# Memory Security in Go

A few months ago, while working on dissident, I started looking around for guidance on how I should manage encryption keys. I found a few references here and there, but the best method I could patch together, with the limited information I had, was something like:

1. Call mlock(2) (or VirtualLock) on any sensitive resources.
2. Overwrite the resources when finished with them.
3. Allow them to run out of scope.
4. Pray for the garbage-collector to clean them up, or force it with runtime.GC().

So, I patched together a little library that handled some of it for me, chucked it on HN, and moved on.

A short time later, I realised that beef was kicking off. As it turned out, the aforementioned approach was fundamentally flawed as one thing hadn’t been accounted for: the garbage-collector.
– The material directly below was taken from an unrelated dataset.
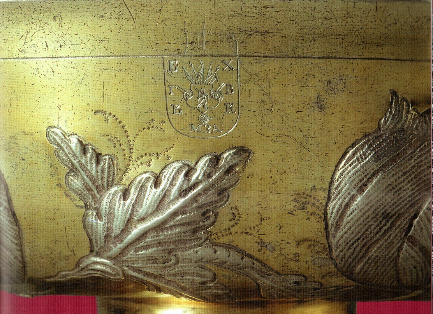 Фрагмент чаші водосвятної з гербом Війська Запорозького та ініціалами Хмельницького / З книги "Гетьманські клейноди" Савчука

It goes around doing whatever it feels like doing; making a copy here; moving something around there; it’s a real pain from a security standpoint.

I really didn’t have a choice at that point: I had to dedicate all the time I could spare to the project, for the ten days it took to develop and release the fix.

A few people had mentioned wrapping libsodium, but I wanted a pure-go solution, so that wasn’t ideal. Instead myself a friend, dotcppfile, began analysing how libsodium actually worked. Well, I say “we”; more like he pretty much audited the entire library while I checked the documentation and implemented the relevant system calls.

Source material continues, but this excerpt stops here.